↓

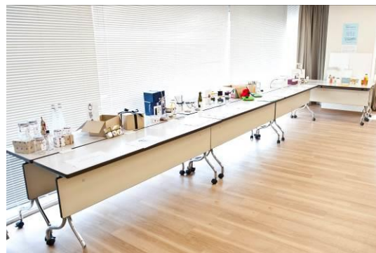
-デザインしたロゴとパッケージで商品サンプルを制作し会場内で展示-
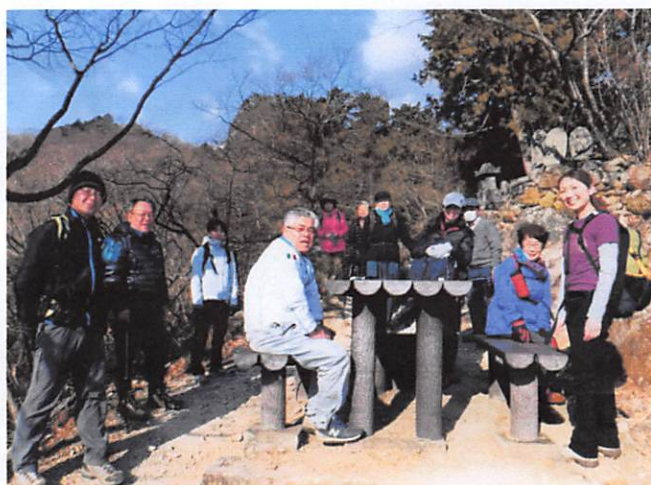
am9:08 寝釈迦前で一休み。
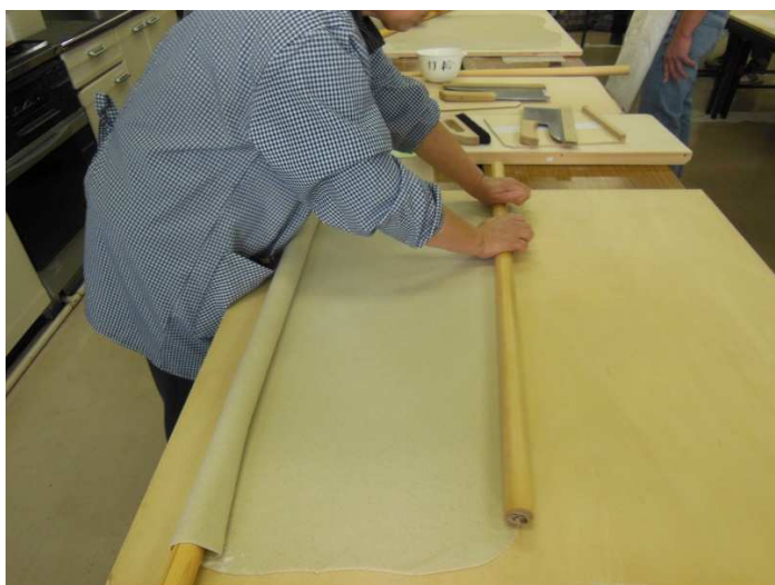
本のし、良く出来てます。
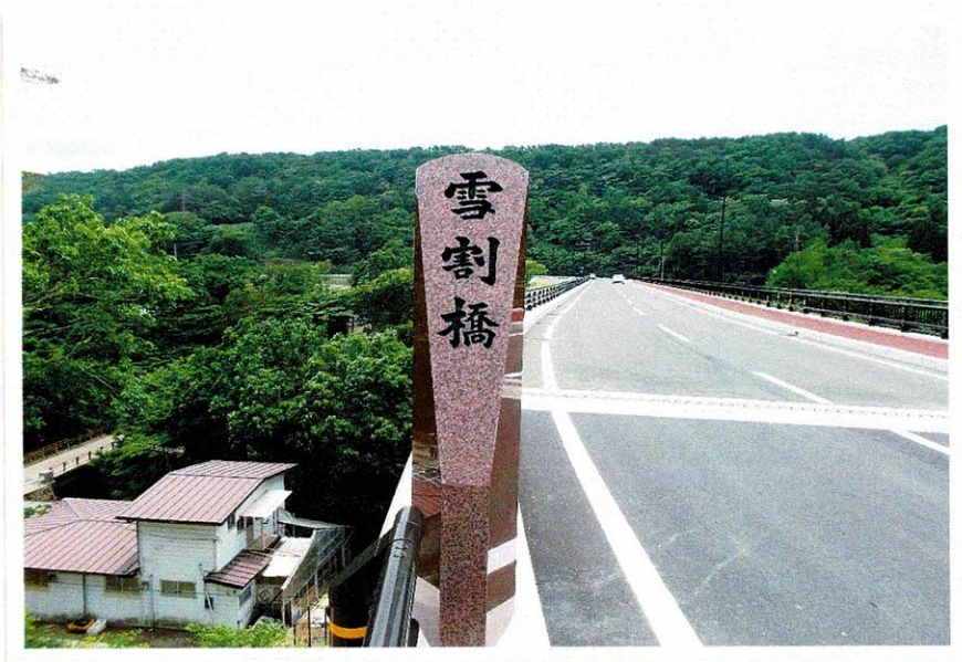
由井ヶ原側（北側）から国道289号方面と“橋梁名柱” （左下に4代目雪割橋が僅かに見える。）
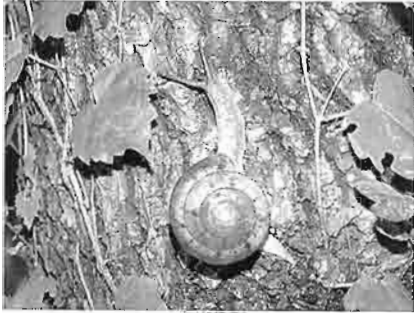
写真1. コベソマイマイ
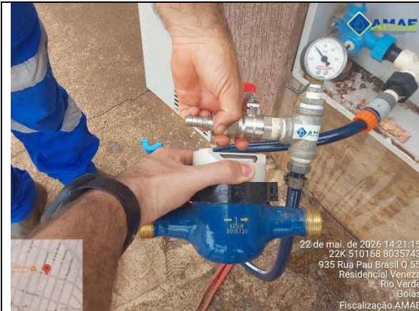
AMAE. Aferição de pressão no cavalete. Rua da Castanheira, qd. 55, lt. 935 B, Bairro Veneza. Rio Verde GO.
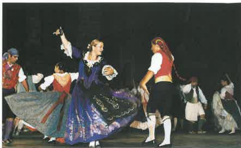
Plaza de la Virgen de Valencia. Grupo de la F.F.C.V.

detalle que el público les agradeció por su buena voluntad.
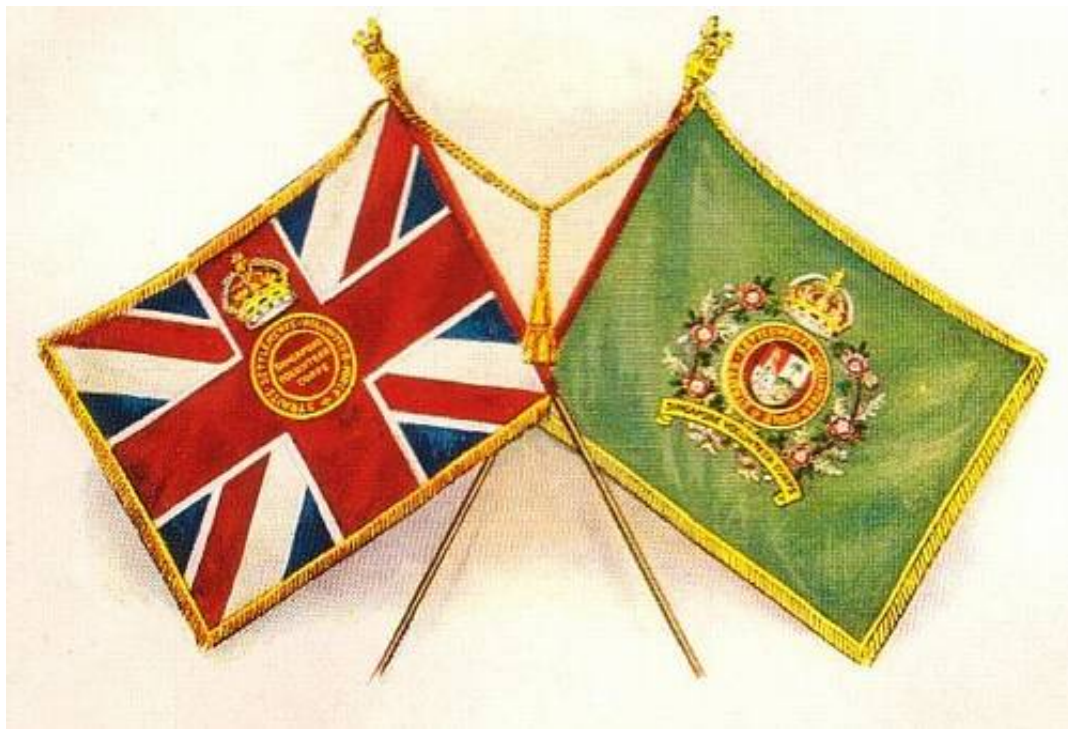
Faner fra Singapore Volunteer Corps. Fra Kilde 7.

De militære enheder i Singapore er et spændende emne i sig selv, men en nærmere behandling ligger uden for rammerne af denne artikel.
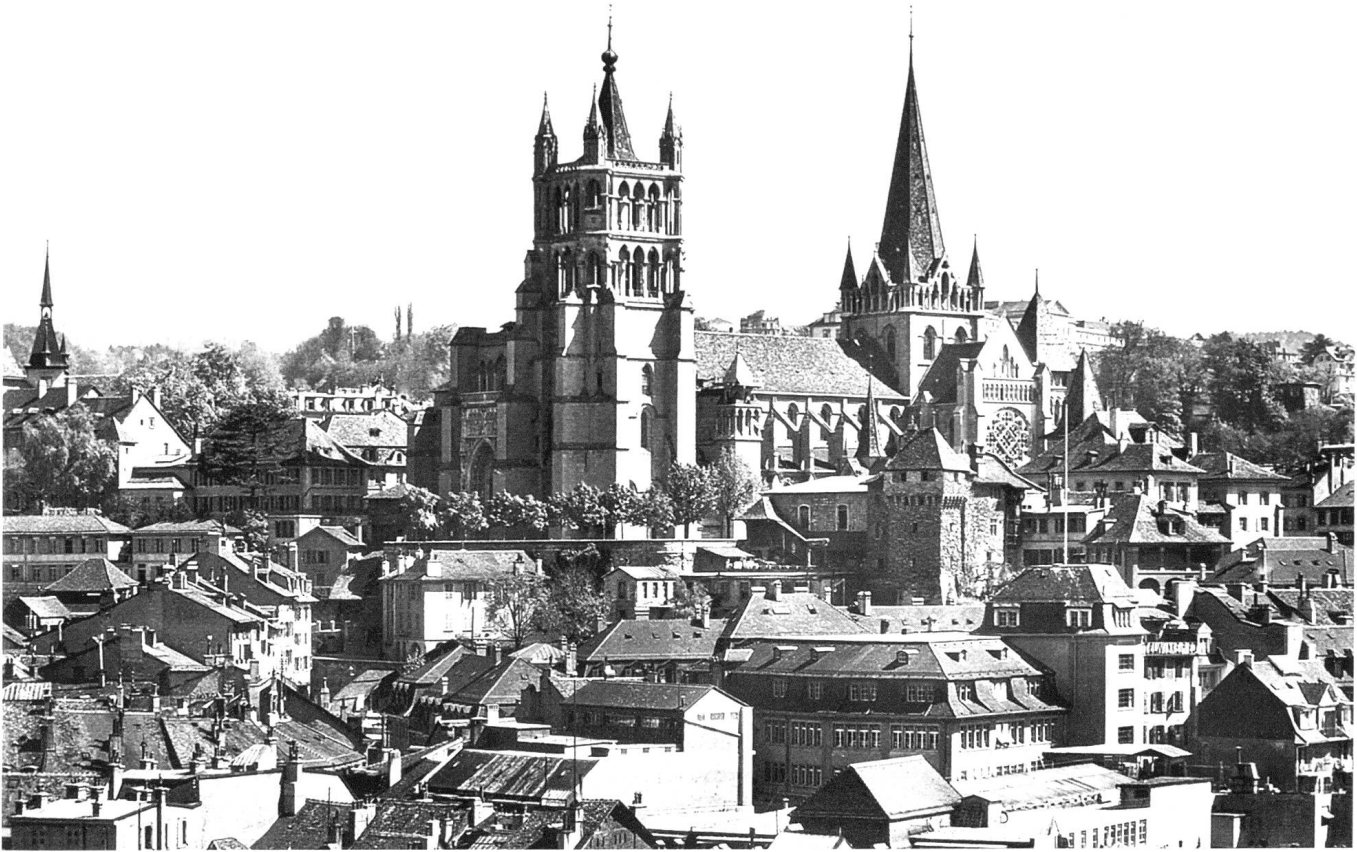
Die gotische Kathedrale von Lausanne um 1950.

weiter bis nach Morges. Ouchy ist so richtig die Sonntagsstube von Lausanne. Kinder sausen auf Tretautos oder Tretperden herum; Pärchen, Arm in Arm oder eng umschlungen, spazieren oder staunen auf die glänzende Seefläche hinaus; elegante Damen und Herren treten aus dem fünfsterneigen Hotel Beau Rivage ins Freie. Ouchy behielt sich, wenigstens damals, zum Spass die alte Tradition einer unabhängigen Gemeinde vor, «la libre commune d'Ouchy» mit «maire, flotte, gendarmerie et beaucoup de jolies filles flanquées de leur amoureux, et quelques cafés, bien entendu».

↑

WHAT THE TASK REQUIRES.
Reproduce the material above exactly, first line through the line that contains "detalle que el", minus the pictures.

RESULT OF THIS EXERCISE.
-デザインしたロゴとパッケージで商品サンプルを制作し会場内で展示-
am9:08 寝釈迦前で一休み。
本のし、良く出来てます。
由井ヶ原側（北側）から国道289号方面と“橋梁名柱” （左下に4代目雪割橋が僅かに見える。）
写真1. コベソマイマイ
AMAE. Aferição de pressão no cavalete. Rua da Castanheira, qd. 55, lt. 935 B, Bairro Veneza. Rio Verde GO.
Plaza de la Virgen de Valencia. Grupo de la F.F.C.V.

detalle que el público les agradeció por su buena voluntad.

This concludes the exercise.